During the season opening 27–20 road loss to the Miami Dolphins, Lewan suffered a concussion after a blind side hit by Andre Branch. Lewan missed the rest of the game and the next game against the Houston Texans. He returned from concussion protocol prior in Week 3 against the Jacksonville Jaguars. Branch was fined $10,026 for taunting following the hit. During a narrow 13–12 Week 5 loss to the Buffalo Bills, Lewan left the game early due to a foot injury. He had an MRI, but returned the next week against the Baltimore Ravens. On December 18, 2018, Lewan was selected to his third consecutive Pro Bowl. The Titans missed the playoffs due to a 33–17 loss to the Colts in the regular-season finale, finishing with a 9–7 record for the third consecutive year. Lewan finished the 2018 season playing in 15 games. He was ranked 77th by his fellow players on the NFL Top 100 Players of 2019.

===2019–2023: Later career===
On July 24, 2019, Lewan announced in a video that he was suspended four games after failing a drug test for a banned substance. Lewan was reinstated from suspension on September 30 and was activated four days later. He started all 12 of the Titans' remaining regular-season games, blocking for Derrick Henry as he won the NFL rushing title. The Titans finished 9–7 for the fourth consecutive year and qualified for the playoffs, making it to their first AFC Championship Game since 2003 where they lost to eventual Super Bowl LIV champions, the Kansas City Chiefs. Lewan started all three of the Titans playoff games, blocking for Henry as he ran for almost 200 yards in each of the first two games.

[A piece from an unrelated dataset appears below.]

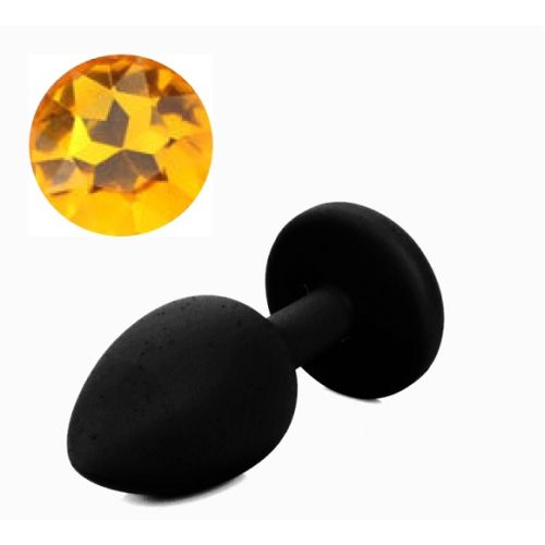 Силіконова анальна пробка чорна з оранжевим кристалом SKN розмір S

Lewan started the first five games of the 2020 season. During a Week 6 42–36 overtime victory over the Texans, Lewan tore his ACL and was placed on injured reserve on October 19, 2020.

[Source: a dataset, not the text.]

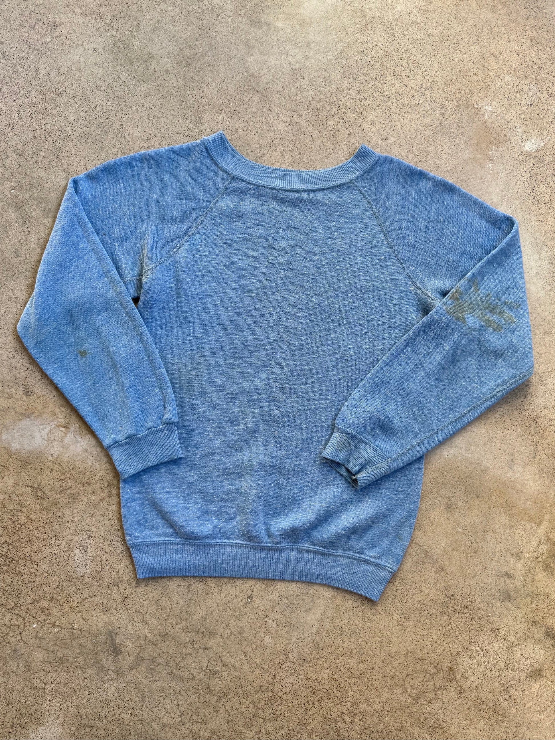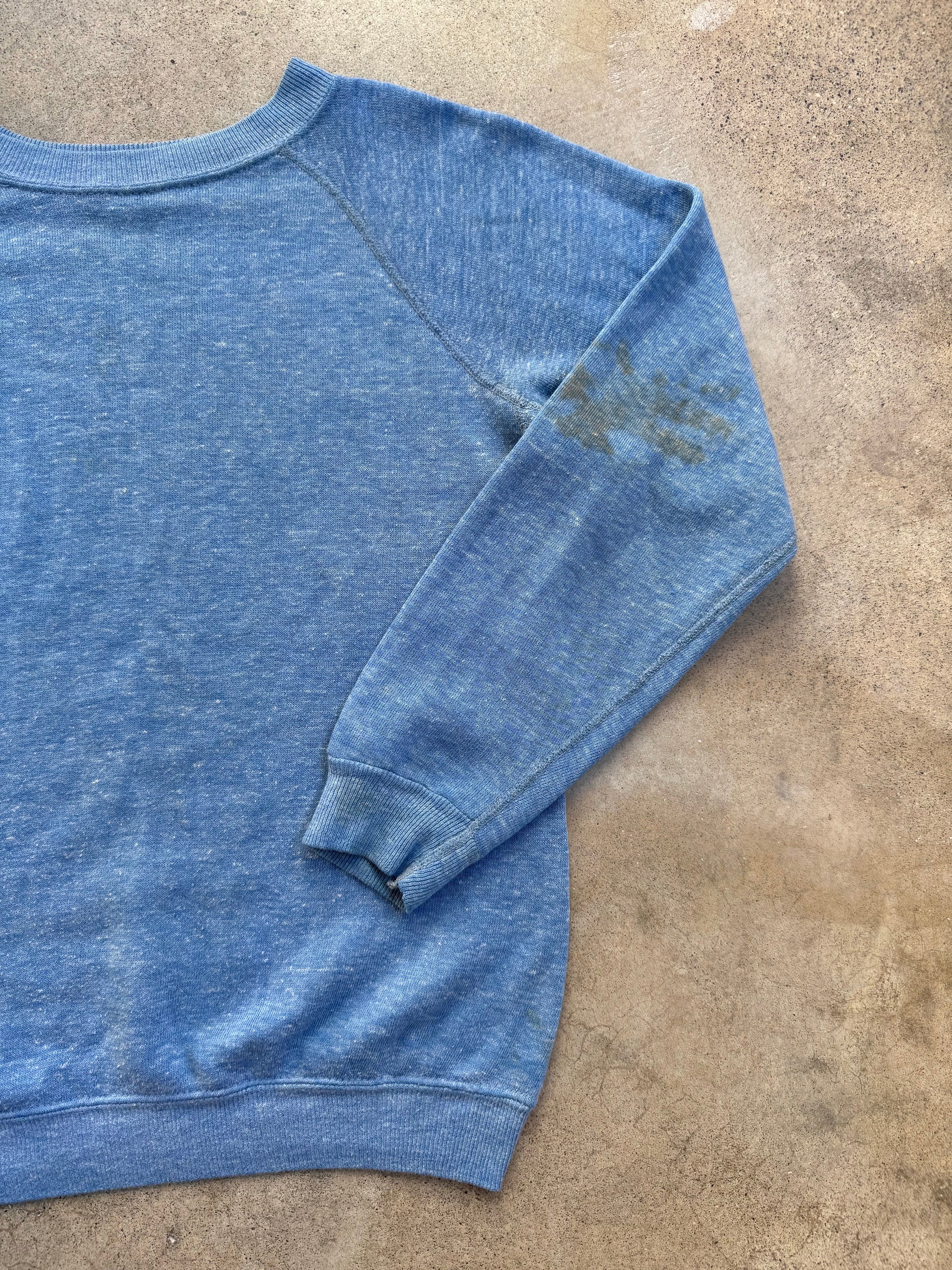 Vintage 1980s Heather Blue Worn & Stained Raglan Sweatshirt.

Lewan recovered in time for the start of the 2021 season and started 13 regular season games and in the Divisional Round against the Cincinnati Bengals.

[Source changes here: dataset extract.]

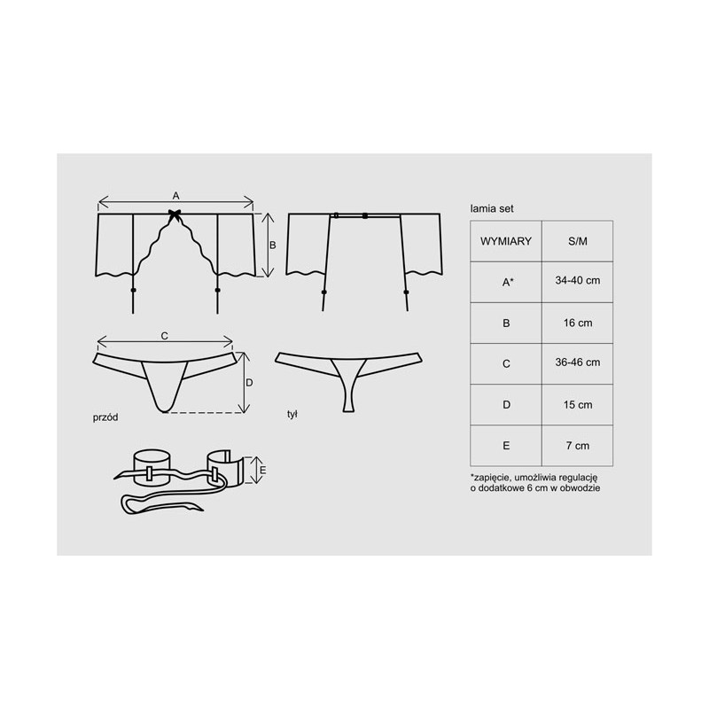 Este conjunto sensual y misterioso llamará la atención de cualquier hombre. El liguero tiene un design único y muy elegante, con ligas ajustables. Esposas que cierran en velcro con una banda satinada. Inclui un tanga a juego. Este producto es de la marca OBSESSIVE, una marca líder, llena de erotismo y sensualidad con modelos únicos que enaltecen aún más el cuerpo de las mujeres.

Lewan suffered a knee injury in Week 2 of the 2022 season and was ruled out for the rest of the season. On February 10, 2023, Lewan announced that he believed the Titans would release him and that he would be considering retirement from playing. Lewan was released on February 22.

==Personal life==
Lewan resides in Springfield, Tennessee with his wife, Taylin, and two daughters, Wynne and Willow. Lewan and former Titans teammate Will Compton started a podcast in the summer of 2019 called Bussin' With The Boys. In May 2023, Lewan filed a medical malpractice lawsuit against Dr. James Andrews over an October 2020 surgery to repair a torn ACL that left him with permanent damage.

In 2025, Lewan hosted the Netflix reality competition television series Battle Camp.

== Legal issues ==
Lewan had been accused of threatening a woman who was allegedly raped in 2009 by University of Michigan teammate Brendan Gibbons by saying, "I'm going to rape her because, [Gibbons] didn't." When asked about the incident at the NFL combine, Lewan stated, "I've said a lot of dumb things, but those are not things I've said. I would never disrespect a woman like that. I consider myself a guy who holds doors, not threatens people."

Lewan was charged with three misdemeanors for an assault in Ann Arbor on December 1, 2013. The charges stem from a confrontation that took place about 12:30 a.m. after Ohio State University defeated the University of Michigan, and two Buckeyes fans reported being assaulted. Lewan pleaded guilty to two misdemeanor charges -- disorderly person drunk and disturbing the peace -- as part of a plea agreement, dismissing the three previous assault charges.